It rains a lot in Beulah Land, and on those occasions we Mississippian Deltans often retreat to our front porch and allow water to seek its own level--metaphorically and literally. We live in old country seemingly suspended in time, carved from thickets, forests, swamps. It is full of old porches, doubtlessly built by sturdy folk weathering a storm who realized the need of a place for restful, deliberate, and contemplative study of their and posterity's circumstances. Our family's big, antique screened porch sits on the banks of Cassidy Bayou. It is surrounded by lovely flowers, towering trees full of chatty birds, and the lazy, sprawling bayou drifting whimsically, seeking its own level, with only ageless, water-bound cypresses acting as compasses. With an symphony of falling rain, I often plant myself on my porch's swing. Work weariedn it's there I rest best, sense renewed life's promise with each rain drop, feel the air's dampness massaging a weary soul, view life from a different perspective, and reflect on our world and my station in it.

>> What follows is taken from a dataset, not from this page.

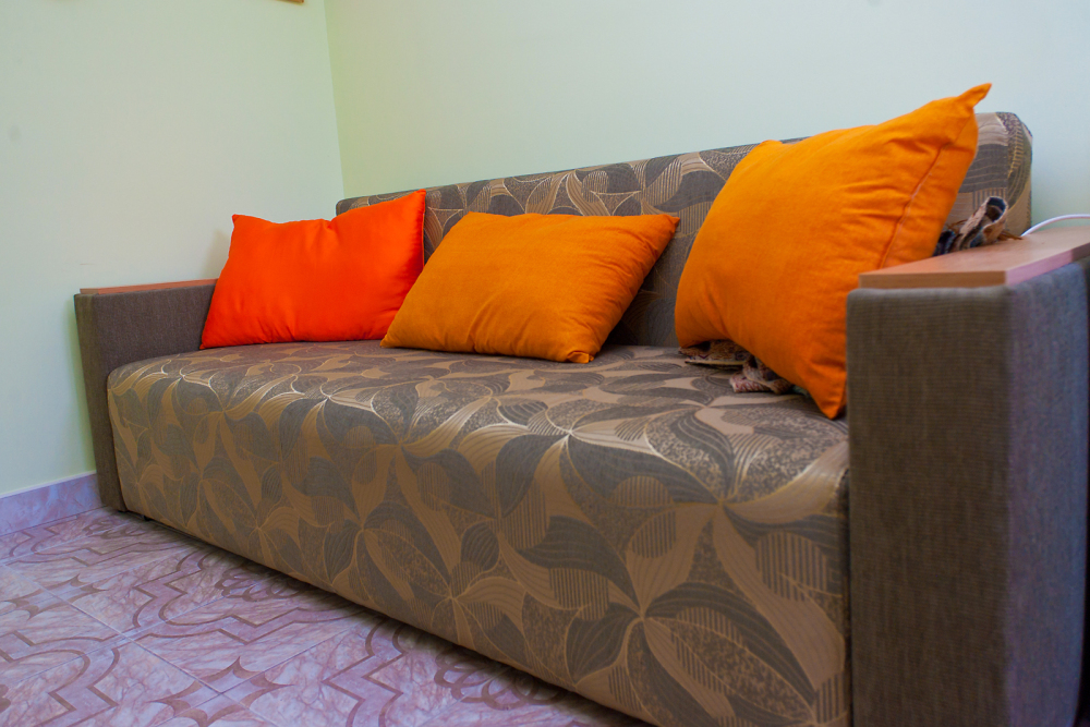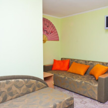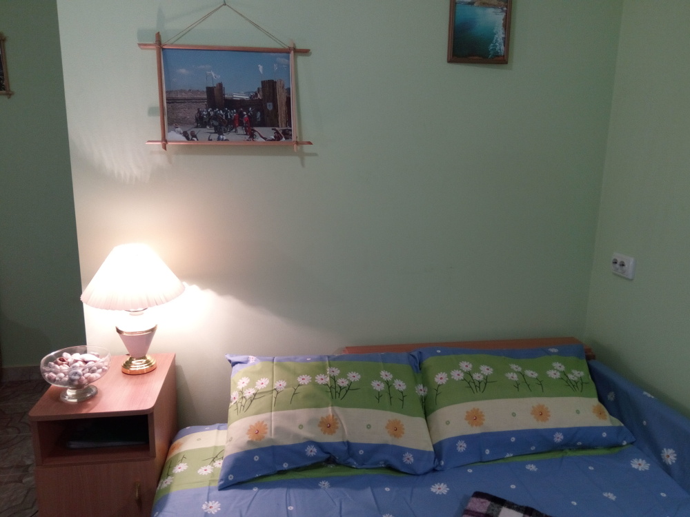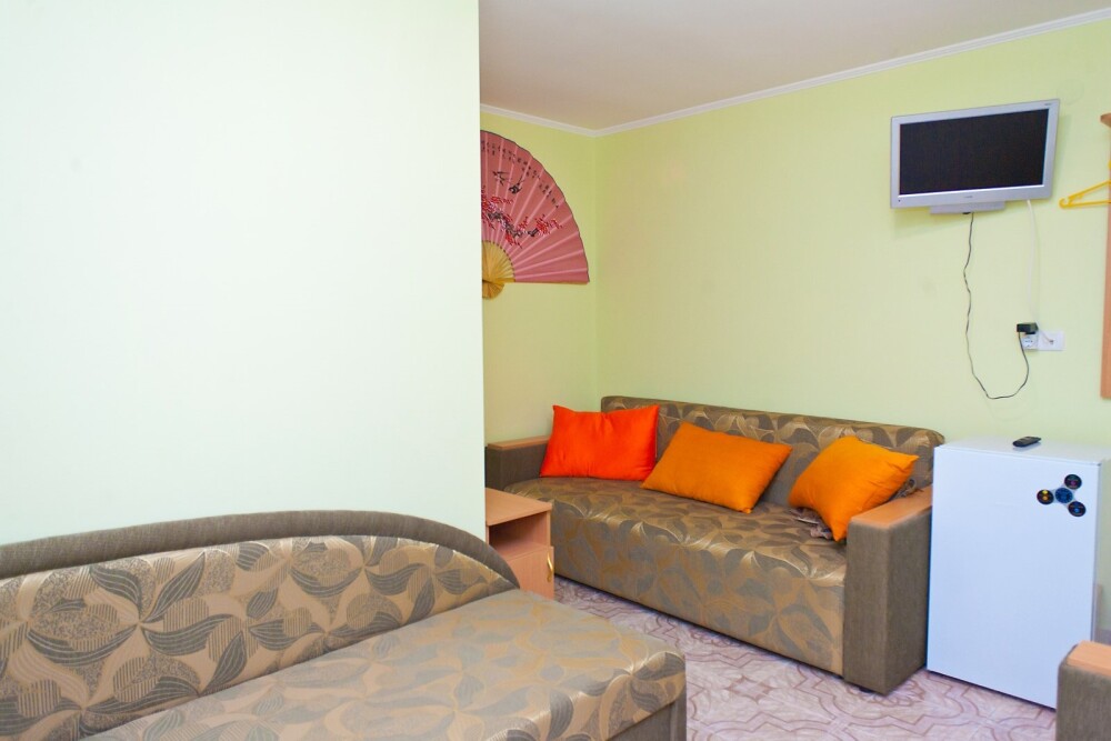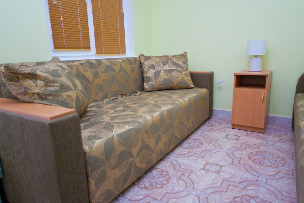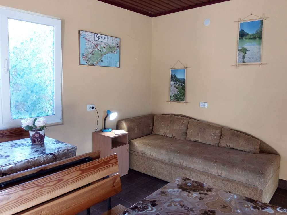 Гостевой дом представляет собой небольшой тенистый уютный дворик с 8 трехместными и четырехместными номерами, в каждом номере: душ, туалет, холодильник, кондиционер, диван-кровать из расчета 4 спальных места, телевизор с жк-экраном, кабельное телевидение, горячая и холодная вода круглосуточно.
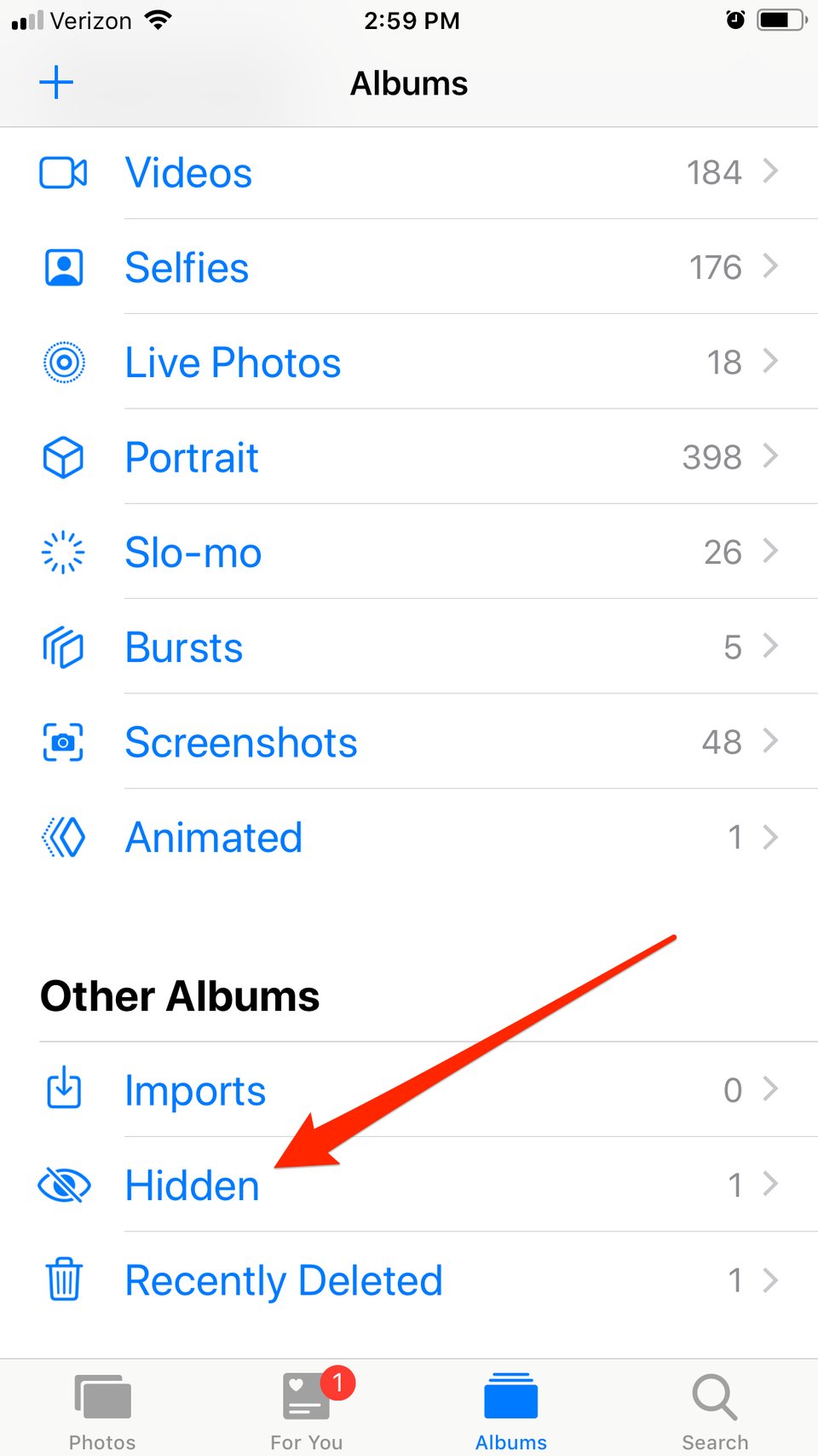 Những hình ảnh mà bạn giấu sẽ được xoá ra khởi album chính trong điện thoại và được đưa vào một album mới với tên gọi “Hidden.” Để truy xuất nó, từ màn hình chính của ứng dụng Photos, bạn có thể cuộn xướng mục “Other Albums” và chọn “Hiddens.”

Invariably a breeze sifting through the screen kidnaps my thoughts away from this peaceful sanctuary. Contemplations carry me to a world I want to be mine--a place where all neighbors are friends, with no false witness; a community where all incumbent differences are dealt with harmoniously; a world that is whole again with fecund land and clean water; a recognition that we are all a part of nature and that humanity will be better stewards of it. My kidnapped thoughts only ransom requirements are payments of thoughtful reflection on problems followed by action toward their resolution.
Two Brooks Rice is the product of years of reflection on our food production systems and how those impact our natural world. Generations of our family have revered in the combination of nature and agriculture. Years of contemplative porch sitting in the rain led us to change many of our farming pathways with hope that our farm and our planet would gain. Simply stated, we realized we must produce for humanity more food from less land while taking far more proactive care of the earth's resources, and this could only be achieved with more insightful stewardship of our farm's splendid blue earth. We had to integrate our farm into the nature it was carved from so that it could mutually serve man and nature. Needed encouragement amounted to recalling that a stray rice seed growing in a road ditch could produce as many seeds as its cultivated cousin, and learning, with a little oversight, nature was the best employable farm manager. So, on our farm, we doubled down and paid our dues. Gradually, through thought, trial, tribulation, and triumph our farm has yielded more food at greatly reduced expense to the environment. Our Two Brooks system does not organically starve someone somewhere, and doesn't synthetically suffocate our planet. Our production is predicated on the facts that less can be more and that both man and nature can be served equally. Our farm, your food, and our earth are better for the reconciliation.
Two Brooks Rice is the product of reflection and reconciliation. Our ecocentric rice farming system is the consequence of study of our farm's and man's impact on nature, and our design of that system that accommodates each; we yield to nature to yield for man. Our farm's blueprints were mentally sketched under a porch's wet roof to generate a measurement of renewal for our environment as well as innovative products to man.
Perhaps everyone needs a front porch.